(Collected data)

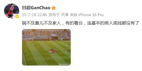 在遭受到看臺上的一些攻擊性言論后,韋世豪情緒激動地與球迷發(fā)生對峙。比賽結束后,蓉城隊球員甘超也在微博中表示“禍不及妻兒不及家人,有的看臺,連基本的做人底線都沒有了”。
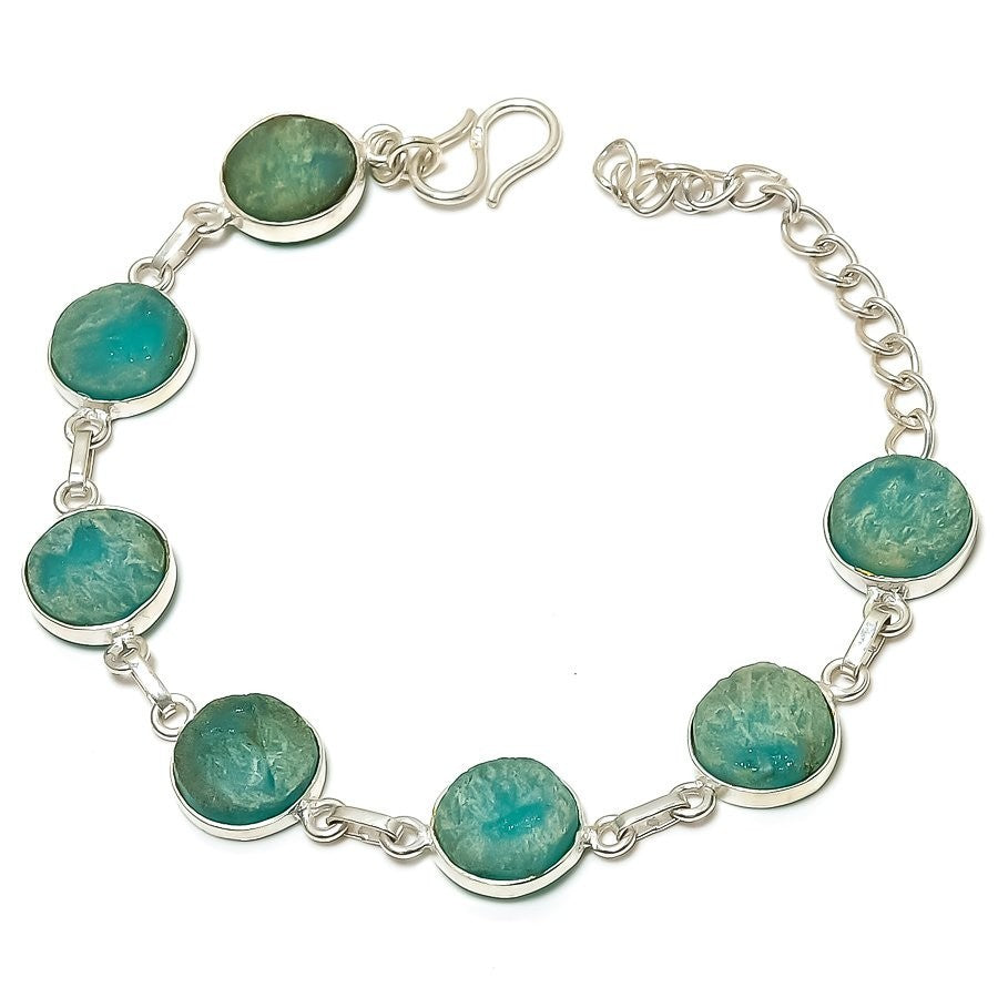 Variscite Gemstone Handcrafted Chain Wife Bracelet Jewelry Solid Sterling Silver
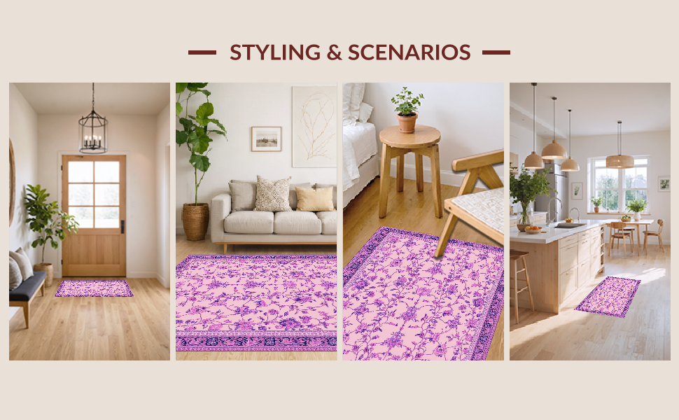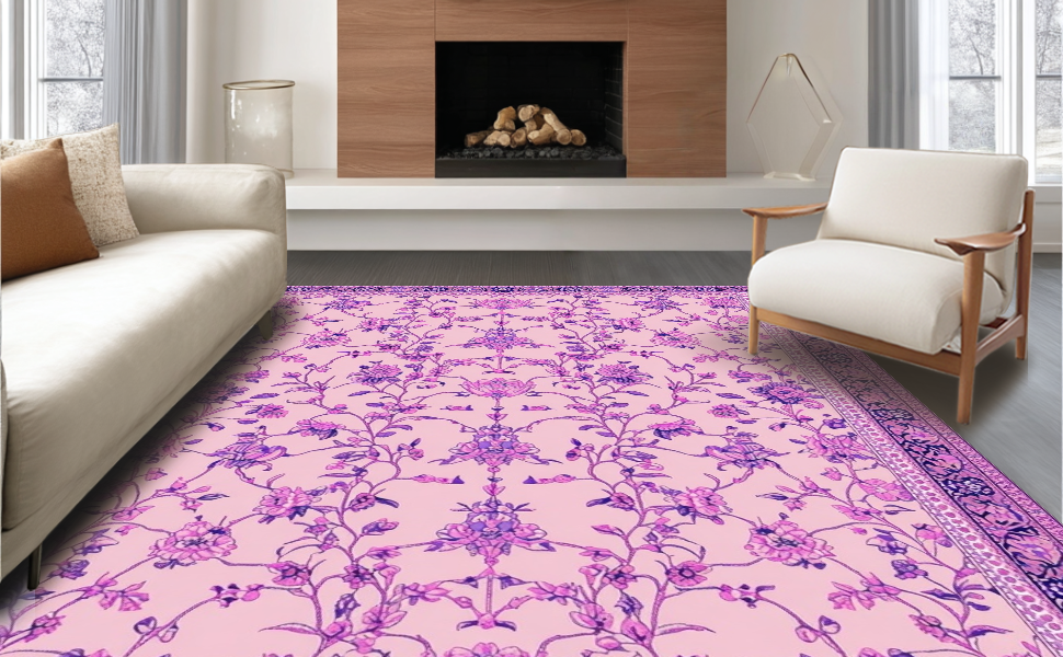 Ultra Soft Area Rug, Non Slip, Stain Resistant, Washable Area Rugs for Living Room, Bedroom, Chic Pink Dreamscape Pattern(Pink) Overview:
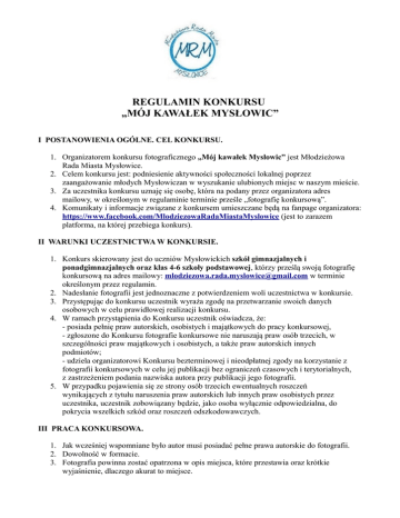 REGULAMIN KONKURSU „MÓJ KAWAŁEK MYSŁOWIC” I POSTANOWIENIA OGÓLNE. CEL KONKURSU. 1. Organizatorem konkursu fotograficznego „Mój kawałek Mysłowic” jest Młodzieżowa Rada Miasta Mysłowice. 2. Celem konkursu jest: podniesienie aktywności społeczności lokalnej poprzez zaangażowanie młodych Mysłowiczan w wyszukanie ulubionych miejsc w naszym mieście. 3. Za uczestnika konkursu uznaję się osobę, która na podany przez organizatora adres mailowy, w określonym w regulaminie terminie prześle „fotografię konkursową”. 4. Komunikaty i informacje związane z konkursem umieszczane będą na fanpage organizatora: https://www.facebook.com/MlodziezowaRadaMiastaMyslowice (jest to zarazem platforma, na której przebiega konkurs). II WARUNKI UCZESTNICTWA W KONKURSIE. 1. Konkurs skierowany jest do uczniów Mysłowickich szkół gimnazjalnych i ponadgimnazjalnych oraz klas 4-6 szkoły podstawowej, którzy prześlą swoją fotografię konkursową na adres mailowy: [email protected] w terminie określonym przez regulamin. 2. Nadesłanie fotografii jest jednoznaczne z potwierdzeniem woli uczestnictwa w konkursie. 3. Przystępując do konkursu uczestnik wyraża zgodę na przetwarzanie swoich danych osobowych w celu prawidłowej realizacji konkursu. 4. W ramach przystąpienia do Konkursu uczestnik oświadcza, że: - posiada pełnię praw autorskich, osobistych i majątkowych do pracy konkursowej, - zgłoszone do Konkursu fotografie konkursowe nie naruszają praw osób trzecich, w szczególności praw majątkowych i osobistych, a także praw autorskich innych podmiotów; - udziela organizatorowi Konkursu bezterminowej i nieodpłatnej zgody na korzystanie z fotografii konkursowych w celu jej publikacji bez ograniczeń czasowych i terytorialnych, z zastrzeżeniem podania nazwiska autora przy publikacji jego fotografii. 5. W przypadku pojawienia się ze strony osób trzecich ewentualnych roszczeń wynikających z tytułu naruszenia praw autorskich lub innych praw osobistych przez uczestnika, uczestnik zobowiązany będzie, jako osoba wyłącznie odpowiedzialna, do pokrycia wszelkich szkód oraz roszczeń odszkodowawczych. III PRACA KONKURSOWA. 1. Jak wcześniej wspomniane było autor musi posiadać pełne prawa autorskie do fotografii. 2. Dowolność w formacie. 3. Fotografia powinna zostać opatrzona w opis miejsca, które przestawia oraz krótkie wyjaśnienie, dlaczego akurat to miejsce. IV KATEGORIE. 1. Prace oceniane będą w 4 kategoriach: a) Szkoła Podstawowa klasy 4-6 b) Gimnazjum c) Szkoła Ponadgimnazjalna d) Nagroda internautów. 2. Wyboru w pierwszych trzech kategoriach dokonają Radni MRMM, natomiast ostatnia z kategorii będzie decyzją internautów, którzy poprzez klikanie „lubię to” zdecydują, która z prac jest najlepsza. V HARMONOGRAM. 1. Termin nadsyłania prac: 15 listopada 2013 roku do godz. 16:00. 2. Czas głosowania dla internautów: od 15 listopada 2013 roku, godz. 16:00 do 22 listopada 2013 roku do godziny 16:00. 3. Ogłoszenie wyników: 22 listopada 2013 roku godz. 16:00. 4. Wręczenie nagród: Najbliższa sesja MRMM po ogłoszeniu wyników. O konkretnym terminie informować będziemy zwycięzców. VI NAGRODY. 1. We wszystkich 4 kategoriach zostaną wybrane 2 najlepsze prace. 2. Dla zwycięzców przygotowane zostaną zaproszenia na sesję MRMM oraz drobne upominki rzeczowe.
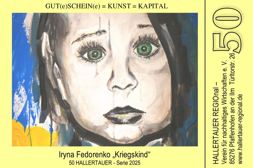 Wie der Verein weiter erklärt, sind aus dem Umtausch von Euro in "Hallertauer" im vergangenen Jahr – aufgestockt von Sitzungs-Geldern der örtlichen Wähler-Gruppe "Gemeinsam für Gemeinwohl" (GfG), für die Manfred "Mensch" Mayer im Pfaffenhofener Stadtrat sitzt – insgesamt 1000 Euro zusammengekommen. Mayer ist auch Vorsitzender des "Hallertauer Regional"-Vereins. Er sowie Hellmuth Inderwies, ehemaliger Kultur-Referent des Stadtrats von Pfaffenhofen, werden bei der Vernissage am morgigen Freitagabend in die Ausstellung in der städtischen Galerie einführen. Begrüßt werden die Gäste zuvor von Reinhard Haiplik, dem aktuellen Kultur-Referenten.
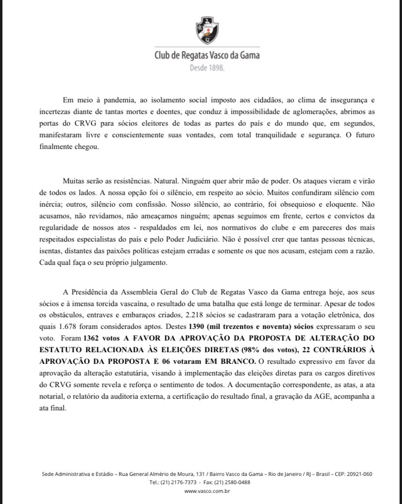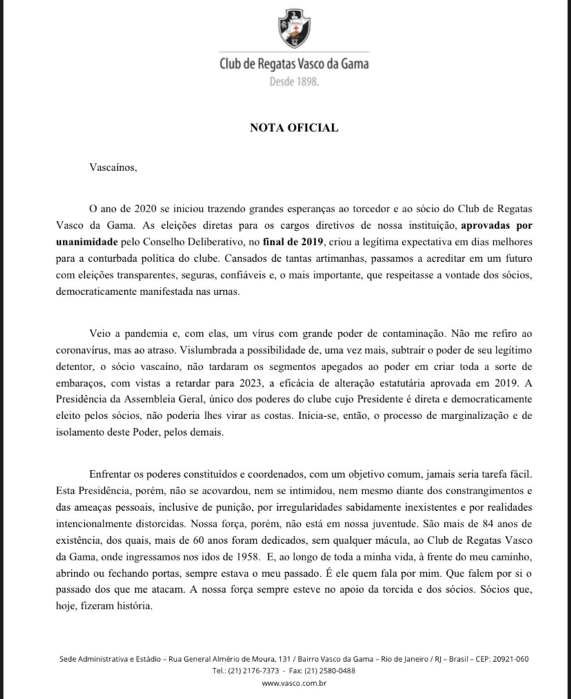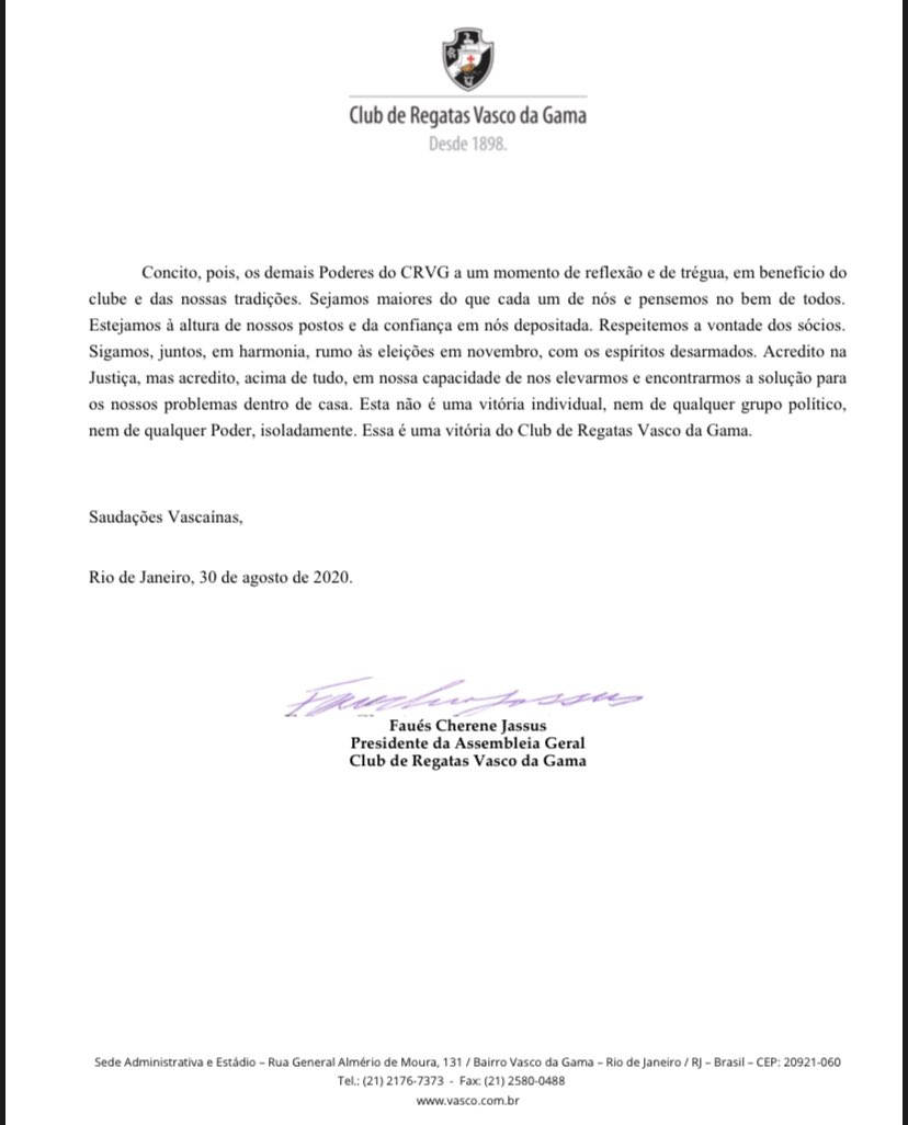Mussa, na nota em que comunicou resultado da AGE: 'Essa é uma vitória do Club de Regatas Vasco da Gama'

Problem details
Take the lines above starting at the one containing "Variscite Gemstone Handcrafted" and ending at the one containing "Ultra Soft Area", and print them again exactly, without pictures.

Task solution
 Variscite Gemstone Handcrafted Chain Wife Bracelet Jewelry Solid Sterling Silver
 Ultra Soft Area Rug, Non Slip, Stain Resistant, Washable Area Rugs for Living Room, Bedroom, Chic Pink Dreamscape Pattern(Pink) Overview:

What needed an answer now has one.